Soraya foi metralhada com 14 tiros e morreu na hora. Foram cinco tiros na cabeça, sete no tórax e quatro nas costas. O velório foi estragado.

Após o crime, Miguel metralhou o cadeado do portão e fugiu. Os alunos, ao ouvirem os tiros, ficaram assustados. Um grito de horror se ouviu ao se ver o corpo ensanguentado e crivado de ba­las da finada diretora. Os alunos foram liberados mais cedo.

Miguel soube que Karine Barreira, seu próximo alvo, estava presente na entrega de três ônibus escolares à população pietro­tabaciana, fruto de uma emenda do deputado federal Almir Cruz, que estava ocorrendo na Praça da Matriz, no Centro. O evento, que teve direito a palanque, contava com a presença do prefeito Jalmir Barreira, do deputado federal autor da emenda, do verea­dor Carlito Maia, servidores comissionados puxa-sacos e curio­sos. O alcaide fez um breve pronunciamento:

– Minha gente, muito bom dia. Diuturnamente, esta adminis­tração tem se preocupado em oferecer melhores condições para o transporte dos alunos dos distritos rurais para as escolas da sede. Visando corroborar com a permanência dos alunos na escola e di­minuir a evasão escolar, recebemos do Ministério da Educação a quantia de setecentos e cinquenta mil reais, graças à emenda do nosso deputado federal Almir Cruz. Agora, nossos estudantes te­rão ônibus novinhos pro transporte escolar. Muito obrigado.

O povo aplaudiu o discurso do prefeito populista e demagogo. Flávio Campos anunciou:

– E agora, com a palavra, a excelentíssima senhora secretária de Educação, Karine Dell'Antonio Barreira Borges.

Karine iniciou seu discurso:

– Eis mais uma conquista da nossa administração, que benefi­ciará mil alunos, tanto os alunos da rede municipal, como os alu­nos da rede estadual, que agora terão à disposição uma nova frota de ônibus escolares.

Subitamente, Miguel, que estava pilotando uma Kawazaki Ninja verde que roubara minutos antes, foi em direção ao palco, pegou sua Uzi, mirou na secretária e disparou quinze tiros à queima-roupa contra ela, sendo um na cabeça, onze no tórax e três nas costas. Karine, esvaindo em sangue, foi socorrida pelo pai e seus capangas para a Santa Casa de Pietro Tabachi. Seu es­tado de saúde era considerado gravíssimo.

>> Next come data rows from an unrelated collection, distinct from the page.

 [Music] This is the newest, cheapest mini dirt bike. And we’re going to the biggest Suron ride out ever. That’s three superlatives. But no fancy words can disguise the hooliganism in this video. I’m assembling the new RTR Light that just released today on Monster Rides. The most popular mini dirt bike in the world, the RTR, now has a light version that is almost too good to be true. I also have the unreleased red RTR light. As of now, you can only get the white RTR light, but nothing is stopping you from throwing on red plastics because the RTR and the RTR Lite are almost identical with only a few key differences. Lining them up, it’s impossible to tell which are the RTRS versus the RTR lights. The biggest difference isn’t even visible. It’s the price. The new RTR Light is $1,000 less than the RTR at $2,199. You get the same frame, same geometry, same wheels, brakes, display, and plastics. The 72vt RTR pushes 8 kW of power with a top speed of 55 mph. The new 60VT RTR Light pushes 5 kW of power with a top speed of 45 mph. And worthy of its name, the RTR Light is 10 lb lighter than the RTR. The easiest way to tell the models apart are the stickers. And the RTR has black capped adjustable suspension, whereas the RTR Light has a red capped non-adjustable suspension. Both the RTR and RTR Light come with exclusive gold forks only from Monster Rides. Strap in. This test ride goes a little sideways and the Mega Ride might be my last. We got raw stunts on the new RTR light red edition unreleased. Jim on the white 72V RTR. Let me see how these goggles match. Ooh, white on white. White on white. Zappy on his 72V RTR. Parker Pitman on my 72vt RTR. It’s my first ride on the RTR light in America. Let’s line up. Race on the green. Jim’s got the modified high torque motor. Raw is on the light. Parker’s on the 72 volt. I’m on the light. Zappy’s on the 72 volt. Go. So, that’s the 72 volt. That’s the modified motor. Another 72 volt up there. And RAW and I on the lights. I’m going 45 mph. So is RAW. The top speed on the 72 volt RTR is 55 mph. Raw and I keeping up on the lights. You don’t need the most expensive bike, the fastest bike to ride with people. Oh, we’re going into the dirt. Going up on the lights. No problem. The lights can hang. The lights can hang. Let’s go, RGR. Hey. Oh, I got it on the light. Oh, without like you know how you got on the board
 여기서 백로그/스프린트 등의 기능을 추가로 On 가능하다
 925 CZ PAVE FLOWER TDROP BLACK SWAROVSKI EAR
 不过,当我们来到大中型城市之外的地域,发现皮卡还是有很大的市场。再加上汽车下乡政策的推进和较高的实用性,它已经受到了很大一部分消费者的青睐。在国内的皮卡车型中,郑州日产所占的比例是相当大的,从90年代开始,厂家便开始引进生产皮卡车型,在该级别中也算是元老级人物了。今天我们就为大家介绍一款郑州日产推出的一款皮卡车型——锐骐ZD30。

Miguel fugiu dali mais rápido que um raio. Todavia, Silmar, ex-policial militar e segurança pessoal de Jalmir, deu uma fecha­da na moto do professor e o executou com um tiro de escopeta ca­libre 12 na cabeça. A massa encefálica do assassino se espalhou pela rua, assim como o sangue passou a banhar a via pública. Na linguagem dos apresentadores de programas policiais com um discurso mais intempestivo, ele teve o CPF cancelado com suces­so.

Karine teve a morte cerebral confirmada pelos neurologistas da Santa Casa de Pietro Tabachi, às 11 da manhã do dia seguinte. A família Barreira autorizou a doação dos órgãos. O coração, os rins, o fígado e as córneas da primogênita de Jalmir ajudariam outras pessoas que estavam na fila de transplantes.

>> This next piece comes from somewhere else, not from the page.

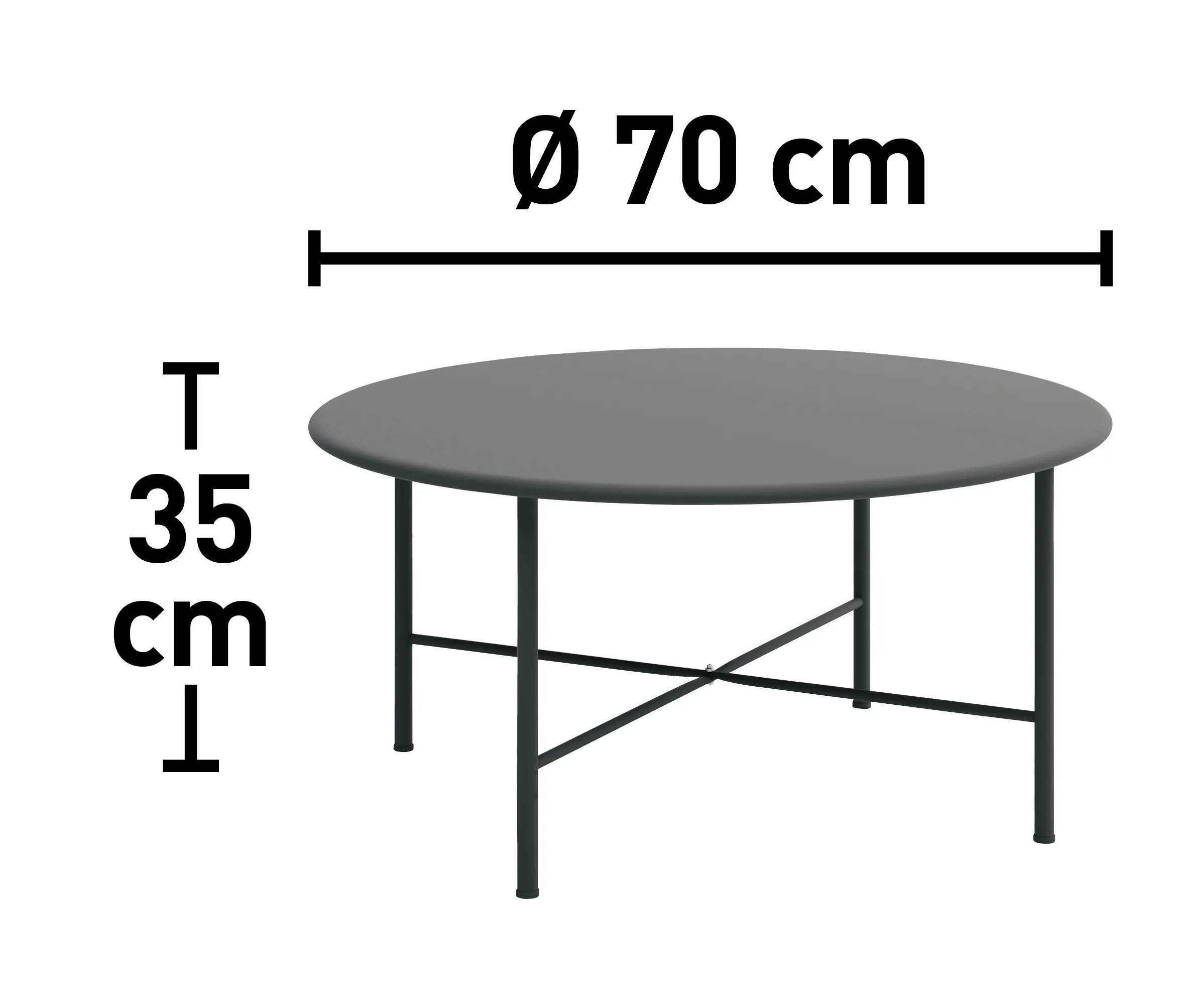 Stoliki oraz ramy mebli zostały wykonane z wyjątkowo wytrzymałej stali, zapewniającej stabilność. Materiał ten został połączony z technorattanem, który charakteryzuje się dużo wytrzymałością, odpornością na działanie warunków atmosferycznych i łatwością w pielęgnacji. Pokrowce poduch wykonane zostały z tkaniny poliestrowej, która jest szybkoschnąca, łatwa do czyszczenia i odporna.

Após a retirada dos órgãos, o corpo de Karine foi levado para o Serviço Médico Legal de Linhares, onde também estavam os cor­pos de Soraya e Miguel para perícia, pois se tratava de uma morte violenta.

Jalmir decretou luto oficial por três dias, além de ponto facul­tativo por igual período. As bandeiras de Pietro Tabachi, do Es­pírito Santo e do Brasil foram hasteadas a meio mastro. Num ou­tro decreto, Jalmir nomeou Jalmir Júnior como secretário de Edu­cação.

O agora secretário da pasta de maior orçamento daquela pre­feitura cuidou dos procedimentos de liberação e traslado do cor­po da irmã, que seria velado na Paróquia Menino Jesus.

O corpo de Karine chegou à igreja matriz. Por opção da famí­lia, o caixão permaneceu fechado. As bandeiras da cidade e do Fluminense, time do coração da desditosa secretária cobriam o féretro. Dona Lucrécia chorava sem parar e era consolada pelos netos Bianca e Bernardo.

Os parentes das famílias Dell'Antonio e Barreira, amigos, verea­dores governistas, secretários e servidores comissionados baba-ovos vieram prestar a última homenagem à finada secretá­ria de Educação.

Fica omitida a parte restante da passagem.